SURVIVORS of historical child abuse in care homes, educational institutions, by religious orders and high-profile members of the Scottish establishment are calling for compensation to be granted as part of a forthcoming public inquiry.

At the end of this month, Education Secretary Angela Constance will announce the remit and timing of the inquiry after holding months of discussions with victims and those who ran the institutions where they were abused.

Survivors want interim payments, similar to those given to victims in Ireland, so they can seek the help they so desperately need while Scotland’s biggest child abuse inquiry is being held.

In Care Abuse Survivors (INCAS), which represents nearly 400 victims of institutional abuse, said that, over the past 17 years of campaigning for an inquiry, scores of victims have died of old age, ill-health and suicide while waiting for justice for the shocking abuse they suffered as children while in care.

The charity’s chairwoman, Helen Holland, 56, from Alexandria, Dunbartonshire, said: “We want the scope to be as wide as possible and should not be narrowed down. It should cover everyone who was abused under the care of the state.

“Obviously, the institutions responsible want the scope to be as narrow as possible because they don’t want to be named and shamed. There must be no cover-ups. It needs to be as open as possible.

“Since 1998 we have been calling for a proper inquiry to get justice for thousands of Scottish survivors of institutional abuse.

“What we want out of this inquiry is acknowledgement, accountability, reparation, compensation, counselling, basically all the things survivors need.”

Helen herself suffered physical torture and sexual abuse from 1964 to 1974 at Nazareth House in Kilmarnock, Ayrshire, which was run by the Catholic Order, the Sisters of Nazareth. Her chief abuser was a nun called Sister Kevin.
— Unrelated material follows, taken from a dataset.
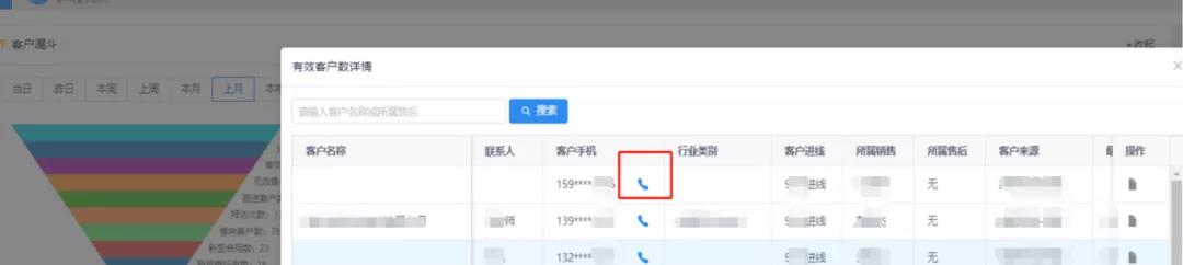 客户漏斗中部分客户类别新增拨打按钮

She said that as a punishment she was taken by Sister Kevin to the outhouse and thrown in an industrial tumble drier which was then switched on.

Helen said: “Angela Constance will make an announcement at the end of the month to tell us who the chairperson will be on the inquiry, when it will start and the scope of it.

“When I met her recently she admitted she won’t please everybody, however, her priority should be not about pleasing people, but about meeting the needs of the survivors.

“I want her to help the survivors right now. What Ireland did was once the survivors came forward, once they had verified they had been in care, they were given interim payments of about 10,000 euros to allow them get help and have the right to choose where they go for help.

“The scoping exercise over the past few months has been very distressing for the survivors because they had to sit in front of a group of civil servants and tell them what they want in the public inquiry.

“Many of these survivors have never been involved in an inquiry in their lives, so how they are supposed to know what it should involve is beyond me.

“Thankfully, INCAS has a group of solicitors acting on our behalf because the Government has more than 140 legal advisors.

“The Government announced the inquiry in December and then put notices out in newspapers and online asking survivors to go along to events, many of them didn’t even see those notices.

Helen said that, although many of the big institutions like Nazareth House, Quarriers and Smyllum Park have closed down, child abuse in care is still going on.

She added: “While they are still dealing with cases dating back 60 to 70 years, abuse in care is still happening now. We need to make sure this doesn’t happen again and the sooner this inquiry gets up and running the better.

“Young people in care need to know that they will be taken seriously when they complain about what happened to them.

“It is a nonsense for the Government to say things have moved on. The big institutions are not there but the level of abuse is still there and we cannot continue as a society to abandon children once they are taken into care.

“If this government fails to recognise what has happened, despite the fact there have been court cases, then they are just as bad as the people who abused us in the first place.”

Constance said she had been consulting with survivors and organisations on the “exact terms of reference” for the inquiry and planned to make an announcement at the end of April.

She said: “Those terms of reference need to capture the principles of the inquiry, and how we can create the right environment to support victims to confide, and the right timescales over which it should be held.

“That process must also find the right people to oversee the inquiry, not least any chair or panel.

“On 11 November, my predecessor, Michael Russell, stood in this Chamber and spoke about the moral imperative that compelled all of us to face up to and act on the reality of historical abuse of children and the current risks of child abuse.

“There have been national investigations into this issue before. And it is important that any further inquiry complements and builds on previous work, while moving the issue forward.

“We must also be conscious of the work already underway with survivors. The Scottish

Government has already given its commitment to working to develop a survivor support fund, and also to fund an appropriate commemoration, guided by the views of survivors.

“We will not make the same mistake as others by rushing out with names before we have consulted with survivors and relevant organisations about the attributes of a chair or panel.”